– Насочинишь ты, Юрка, – хмыкнул Максим.
– Балабол. Хлебом не корми, дай лясы поточить, – сказала Парася.
– А что я? – развалился на телеге Юрка. – Представил вам научную перспективу будущего. Я и своей любезной Ольге Гавриловне со всей конкретностью заявляю: «Даром, что ты из Тарасовки, пользуйся живым супругом, пока не пришлось скляночками довольствоваться».
Парася подумала, что будь сейчас здесь Степан, он бы хохотал от души. Его смех, раскатистый и сильный, был как свежий ветер в жару – уносил потный морок, освежал. Степан и смеялся в голос, и громогласно кричал на нерадивых тружеников – не только у виновных, у слушателей коленки подгибались. Он все делал в полную силу, и мир, когда из него ушел Степан, ослабел, лишился части общей мужской силы, которая и есть опора мира.
Курск
– Анна Еремеевна! – заглянула в ординаторскую медсестра. – Миленькую доставили.
– Поймали? – спросила доктор, оторвавшись от историй болезни, которые заполняла после обхода.

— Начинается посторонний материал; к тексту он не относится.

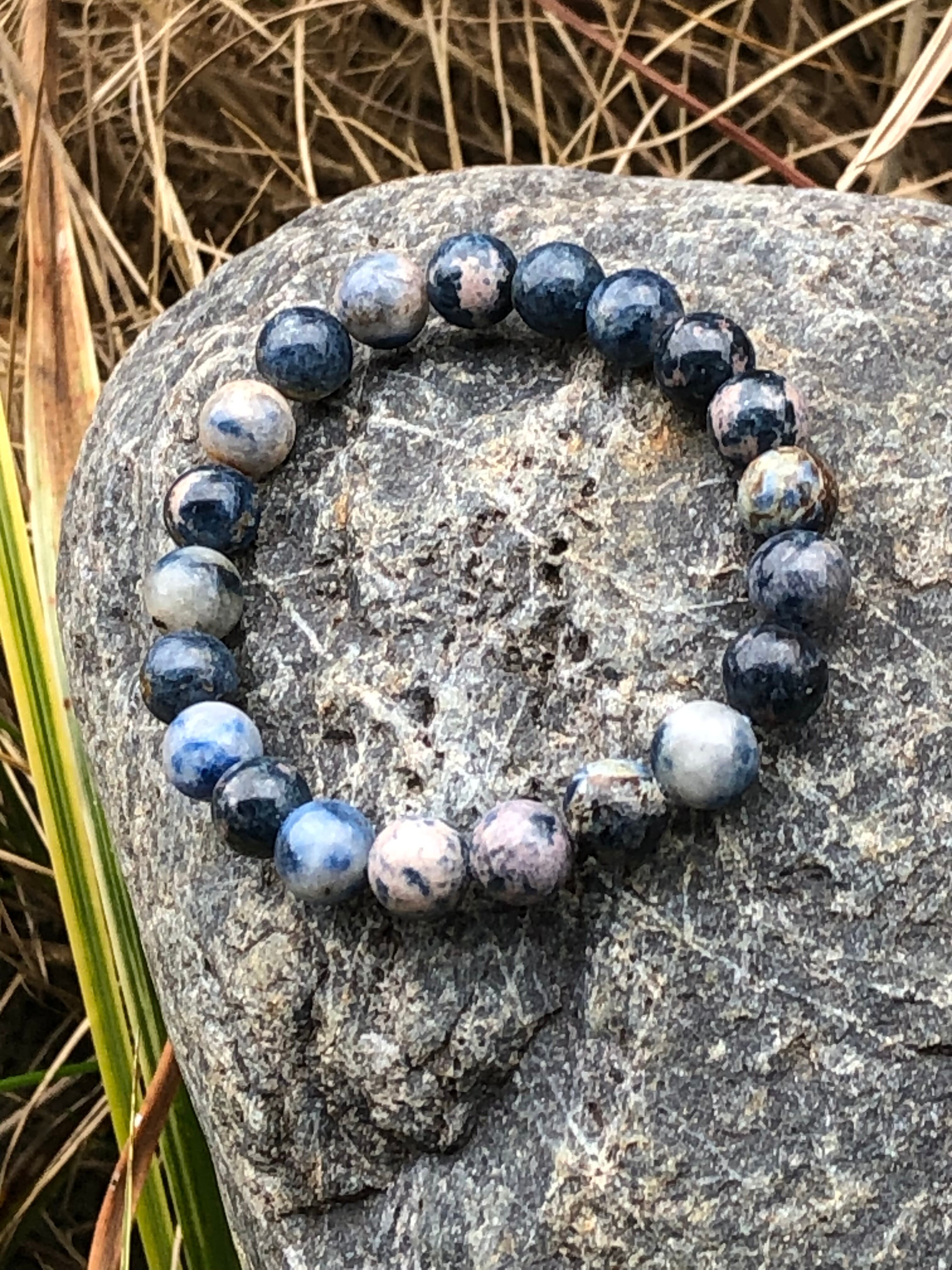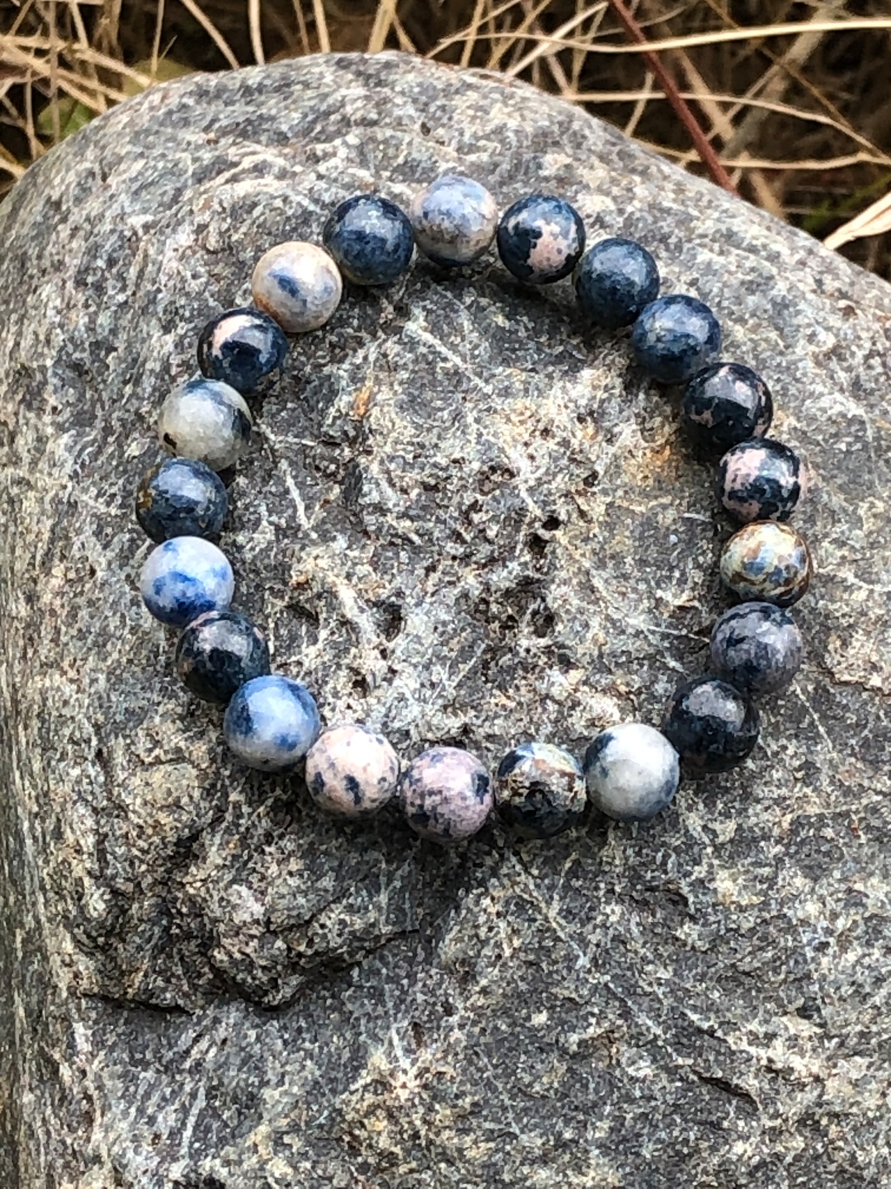 とても希少で高価なブルースピネルを母岩ごとブレスレットになったブルースピネルマトリクスで、とても珍しいものです。

– Сама пришла сдаваться. В третью палату ее положила.
– Хорошо, я к ней загляну.
«И что я буду делать с Миленькой?» – спросила себя Нюраня.
Двадцать лет назад в семье железнодорожников родилась девочка, которая как нельзя точно соответствовала родовой фамилии – Миленькая. Большущие глаза – распахнутые в удивлении, в ожидании чуда и радости, робкая улыбка не сходит с лица – будто ребенок хочет сделать тебе подарок, но стесняется. Таня Миленькая летом любила собирать цветы и дарила всем букетики, а зимой делала букетики из бумаги. Если Таня видела, что кто-то грустен, печален, хмур, устал, она несла букетик: «Возьмите цветочки!» Она не была умственно отсталой, но из-за своей небесной доброты производила впечатление блаженной. Все бы славно, но у этого ангелоподобного существа имелся врожденный порок сердца. Отчасти поэтому и выразительные глаза на худеньком, бледном до серости личике. Плюс синюшные губы и постоянная одышка. Таня Миленькая не должна была прожить и до десяти лет, однако, не иначе, как молитвами всех тех, кого наивно утешала, не умерла, выросла в девушку – слабую, хрупкую, но вполне сформировавшуюся. И даже вышла замуж за славного парня.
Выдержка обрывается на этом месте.